Ars studies Intel's Core architecture
updated 12:45 am EDT, Thu April 6, 2006
Intel\'s Core architecture
Ars Technica has posted an in-depth, technical look at Intel's new Core architecture, which is the heart of Apple's Intel Core Duo processors. "Intel's approach to multicore is not about keeping each individual core's on-die footprint down by throwing out dynamic execution hardware, but about keeping each core's power consumption down and its efficiency up. In this sense, Intel's strategy is fundamentally process-based, which is why I said it's "very 'Intel.'" Intel will rely not on the microarchitectural equivalent of a crash diet, but on Moore's Law to enable more cores to fit onto each die. It seems that from Intel's perspective, there's no need to start throwing hardware overboard in order to keep the core's size down, because core sizes will shrink as transistor sizes shrink."
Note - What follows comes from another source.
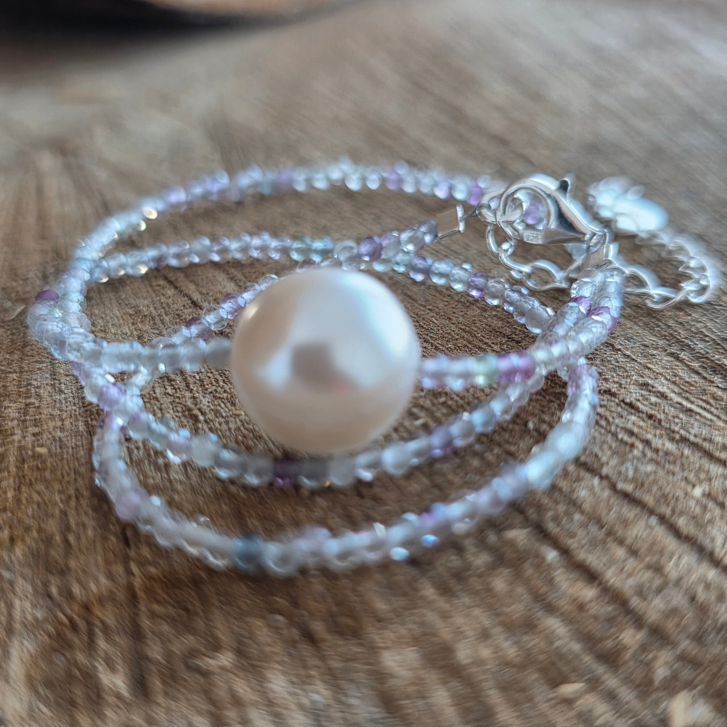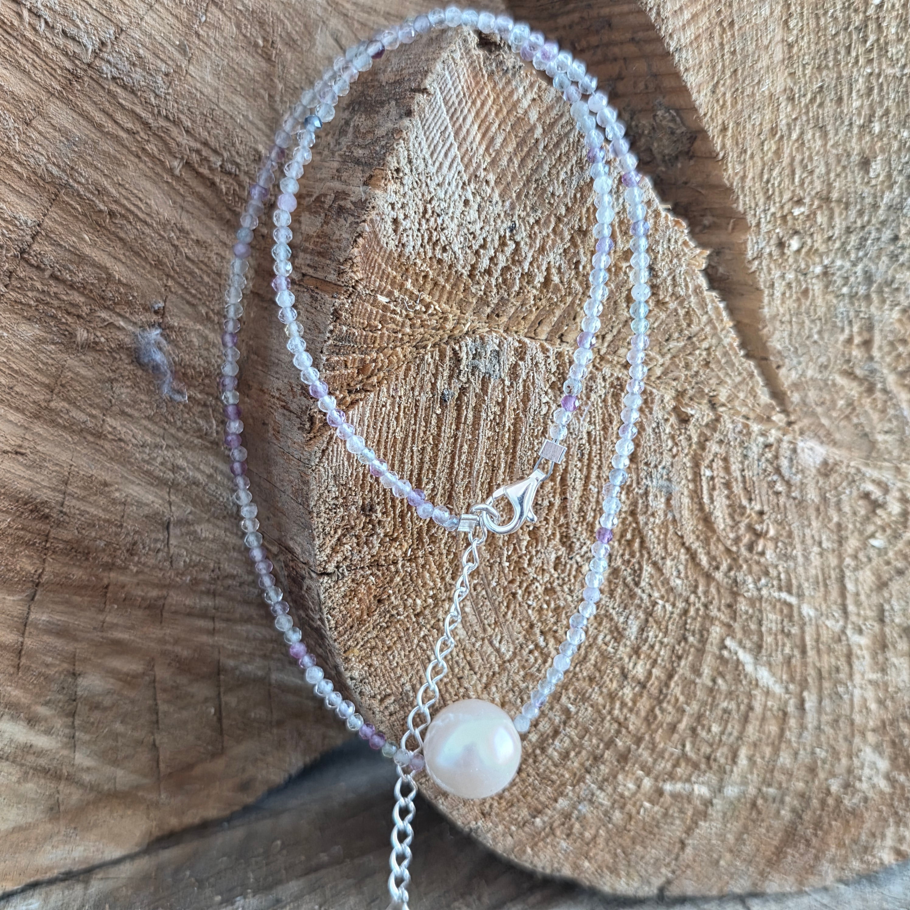 Materiale: fluorit curcubeu fatetat sfere 2 mm, argint 925, perla 1 cm

The report also notes that Core is designed to take advantage of Moore's Law in a fundamentally different way than the Pentium 4: "The Pentium 4's performance was designed to scale primarily with clockspeed increases. In contrast, Core's performance will scale primarily with increases in the number of cores per die (i.e. feature size shrinks) and with the addition of more cache, and secondarily with modest, periodic clockspeed increases."